A California DMV spokesperson told BI in an email that Tesla has held a permit to test autonomous vehicles on public roads with a safety driver since 2014.

“To date, Tesla has not applied for either a driverless testing or deployment permit,” the spokesperson said, meaning Tesla can’t yet test without a safety operator inside the vehicle or deploy robotaxis for the public.

The ‘theater’ behind Tesla’s robotaxi expansion

Gene Munster, a Tesla investor and managing partner at Deepwater Asset Management who covers robotaxis, said in his “Pressure Points” podcast that the expansion news brings further investor “optimism” and a clear sign that Tesla’s stock will largely be dependent on the company’s progress with autonomy and less so about vehicle deliveries.

Munster added that Musk’s announcement appears to mark a shift away from the Tesla robotaxi’s “experiment” phase and more toward the business phase.
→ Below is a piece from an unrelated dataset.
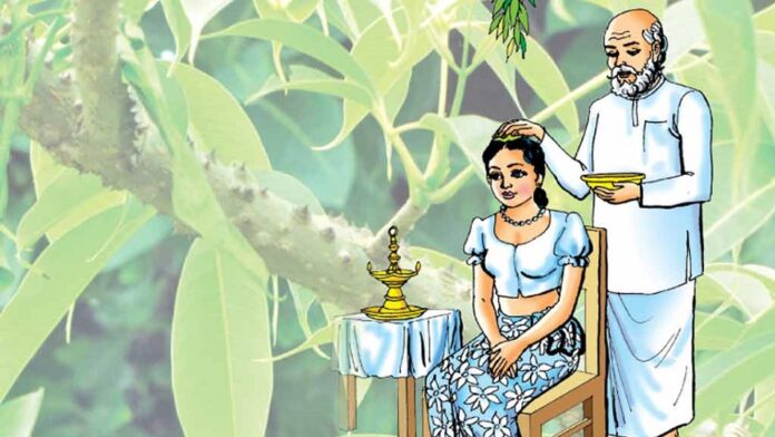 According to Sinhala and Tamil New Year auspicious time calendar, the ceremony is carried out by wearing red and yellow mixed clothing and by seeing at the direction of the South, placing Imbulpath leaves on the head and banyan leaves on the feet, and bathing after being anointed with imbulpath extract and oil.
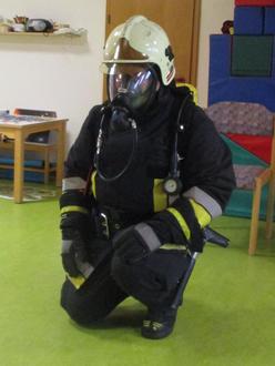 Herr Rummler erklärte an Hand der Schutzausrüstung wann diese und die Atemschutzmaske zum Einsatz kommen. In der Schutzausrüstung sah Herr Rummler, passend zu unserem jetzigen Thema, aus wie ein Astronaut.

When asked by BI if the limited number of passengers Tesla has invited for the robotaxi service so far factors into the investor outlook, Munster said that “anyway you look at it, it’s still super early and any fractional datapoints factor into the slope of its adoption.”

Alex Roy, general partner at New Industry VC and former director of Argo AI, a self-driving startup, told BI that announcing expansion plans while Tesla still has safety drivers present inside the vehicle is important for the company as it plays catch-up with its competitor, namely, Waymo.

The VC calls Tesla’s move “minimum viable autonomy theater,” in which a company executes the bare minimum — in this case, a limited-sized fleet, invite-only access, and safety operators present in the vehicle — to keep up with the “perception of real progress.”

Roy, who previously told BI that he’s optimistic on Tesla’s success, said Waymo did something similar with an early-access program several years before it rolled out a service to the general public, and that “theater” is not bad but, in Tesla’s case, necessary.

“They’re going to keep doing that until they catch up to Waymo,” he said.

Tesla did not respond to a request for comment.